(Stored data)
──────

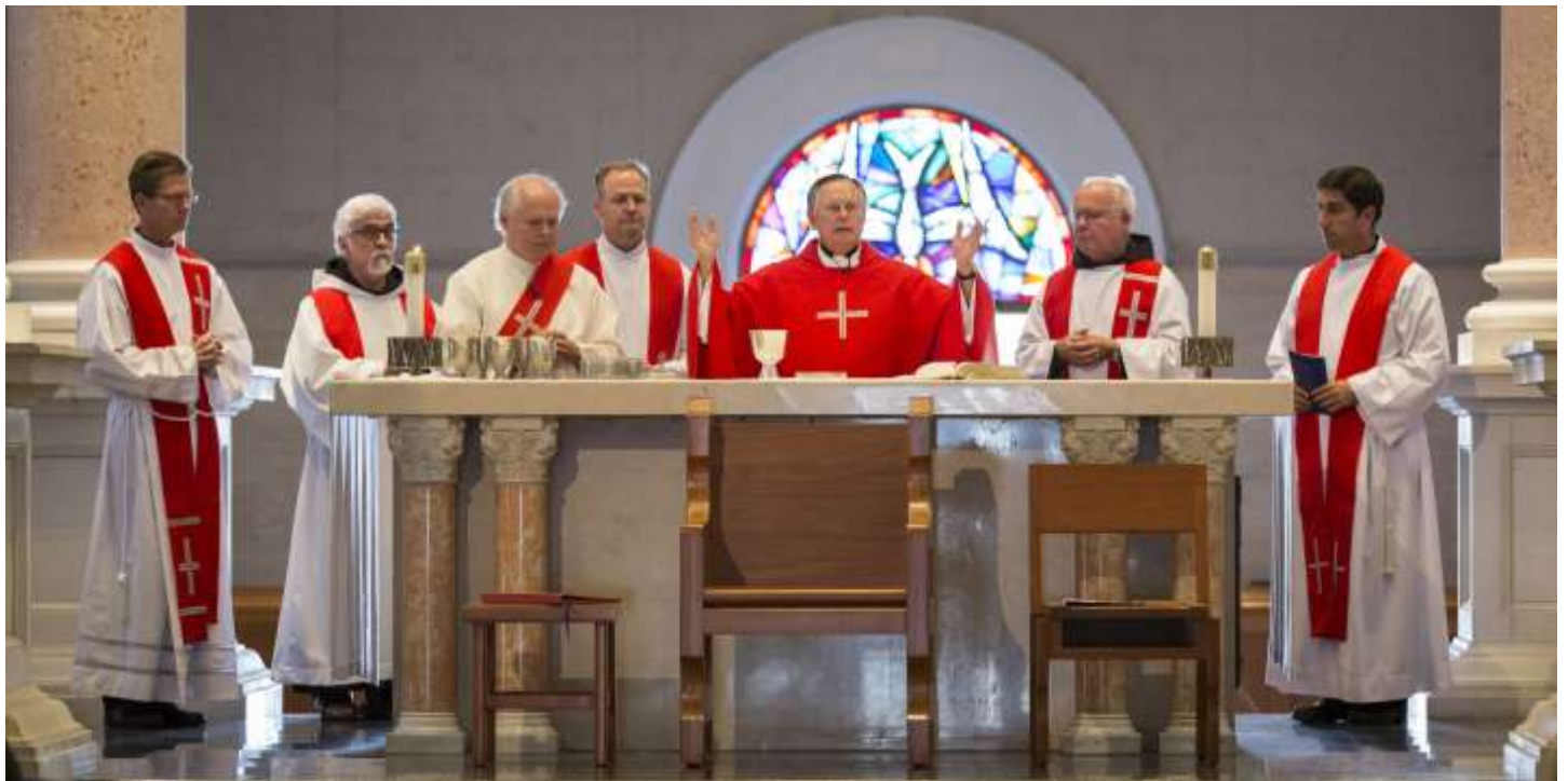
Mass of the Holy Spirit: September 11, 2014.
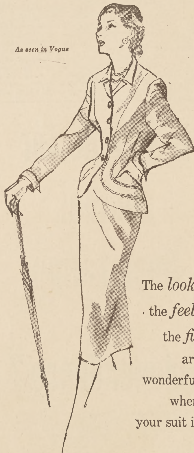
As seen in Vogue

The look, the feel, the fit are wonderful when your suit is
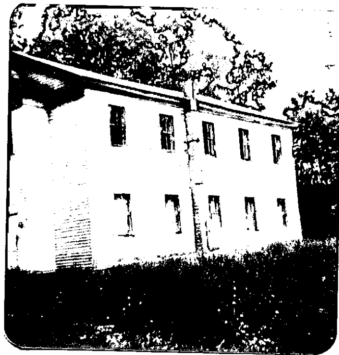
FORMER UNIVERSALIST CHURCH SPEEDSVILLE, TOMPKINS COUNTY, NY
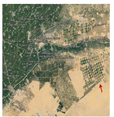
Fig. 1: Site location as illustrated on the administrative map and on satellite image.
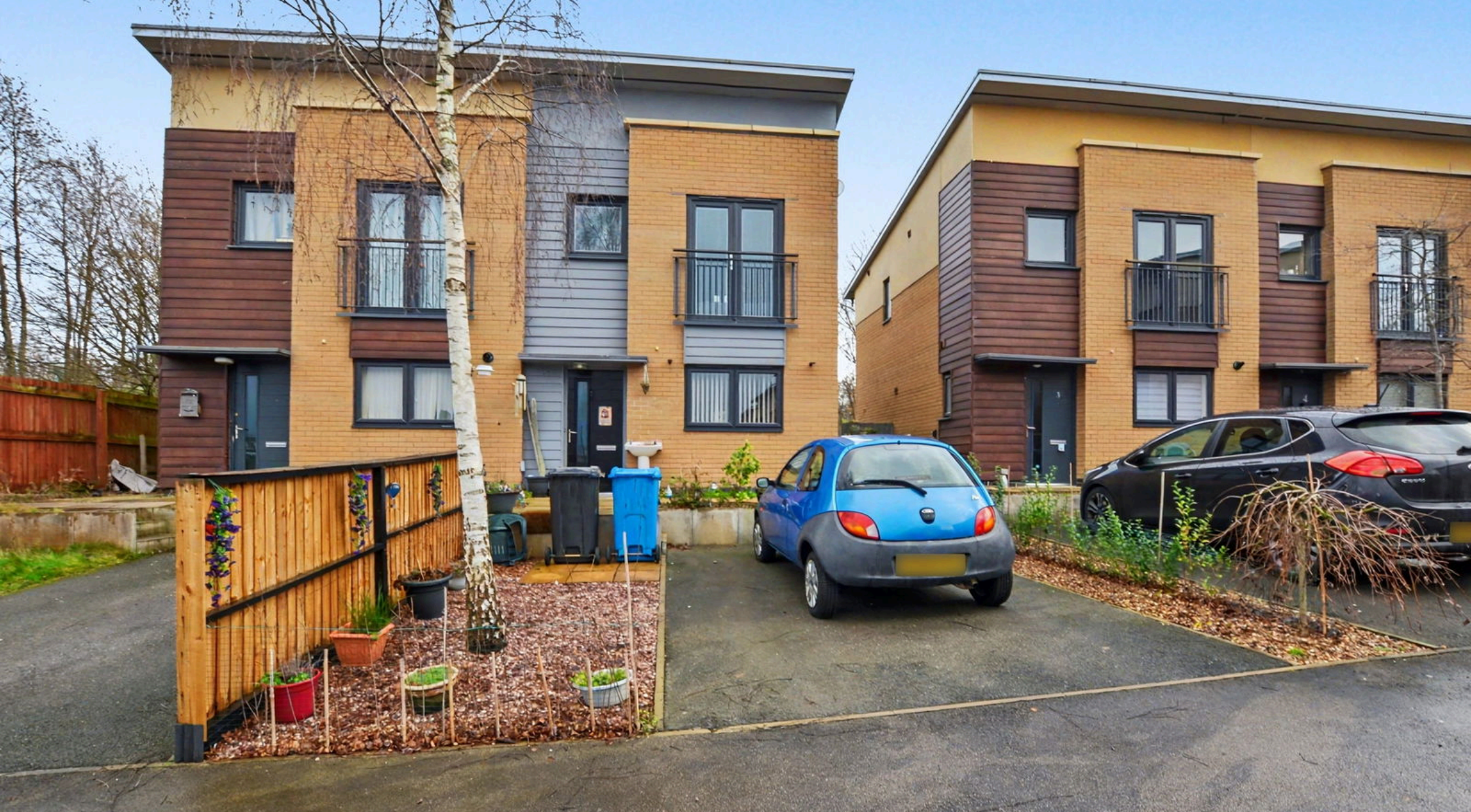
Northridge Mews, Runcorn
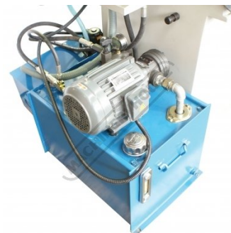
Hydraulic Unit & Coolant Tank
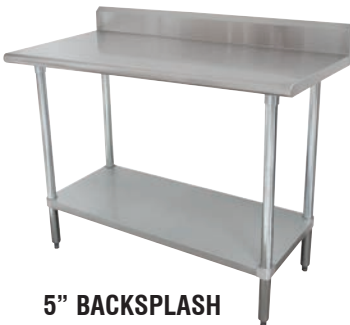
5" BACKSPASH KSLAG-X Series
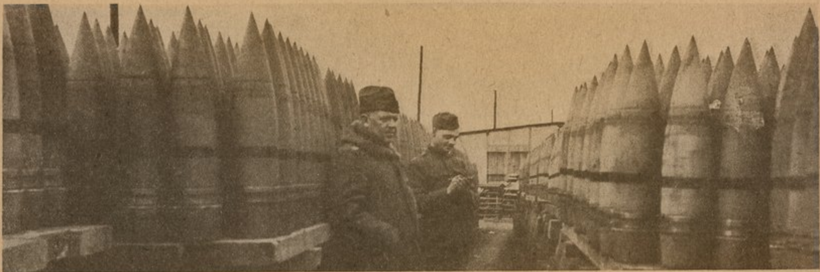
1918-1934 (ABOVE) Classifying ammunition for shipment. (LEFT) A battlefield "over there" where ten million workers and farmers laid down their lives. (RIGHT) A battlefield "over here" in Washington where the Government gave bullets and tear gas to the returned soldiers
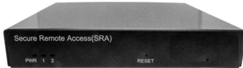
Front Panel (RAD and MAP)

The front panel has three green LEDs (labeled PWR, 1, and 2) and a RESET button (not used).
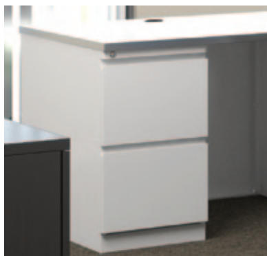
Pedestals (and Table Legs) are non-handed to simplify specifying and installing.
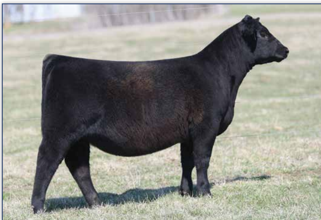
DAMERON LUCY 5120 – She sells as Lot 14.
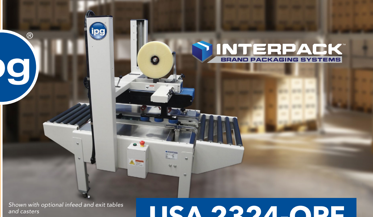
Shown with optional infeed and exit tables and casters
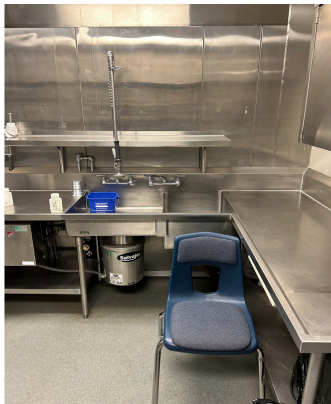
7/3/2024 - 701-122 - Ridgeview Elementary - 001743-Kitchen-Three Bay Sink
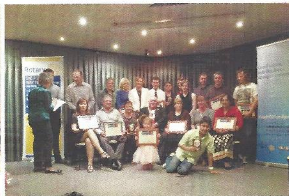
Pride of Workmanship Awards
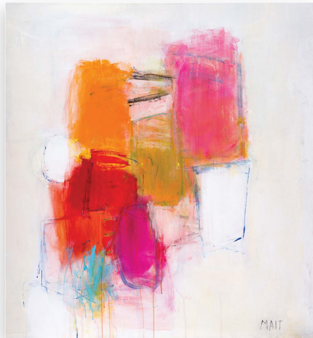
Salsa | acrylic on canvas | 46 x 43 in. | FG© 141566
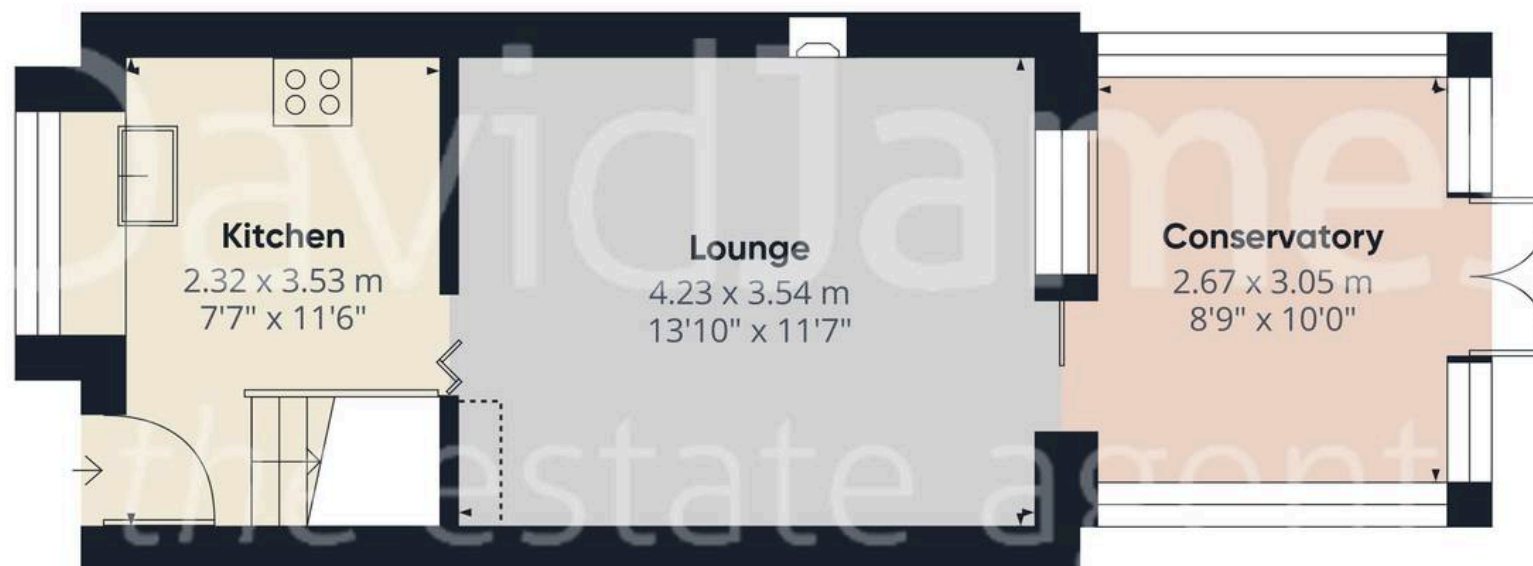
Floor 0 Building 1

──────

** Problem details **
Copy each line of the records above exactly as written. Do not carry over any picture.

** Result **
Mass of the Holy Spirit: September 11, 2014.
As seen in Vogue

The look, the feel, the fit are wonderful when your suit is
FORMER UNIVERSALIST CHURCH SPEEDSVILLE, TOMPKINS COUNTY, NY
Fig. 1: Site location as illustrated on the administrative map and on satellite image.
Northridge Mews, Runcorn
Hydraulic Unit & Coolant Tank
5" BACKSPASH KSLAG-X Series
1918-1934 (ABOVE) Classifying ammunition for shipment. (LEFT) A battlefield "over there" where ten million workers and farmers laid down their lives. (RIGHT) A battlefield "over here" in Washington where the Government gave bullets and tear gas to the returned soldiers
Front Panel (RAD and MAP)

The front panel has three green LEDs (labeled PWR, 1, and 2) and a RESET button (not used).
Pedestals (and Table Legs) are non-handed to simplify specifying and installing.
DAMERON LUCY 5120 – She sells as Lot 14.
Shown with optional infeed and exit tables and casters
7/3/2024 - 701-122 - Ridgeview Elementary - 001743-Kitchen-Three Bay Sink
Pride of Workmanship Awards
Salsa | acrylic on canvas | 46 x 43 in. | FG© 141566
Floor 0 Building 1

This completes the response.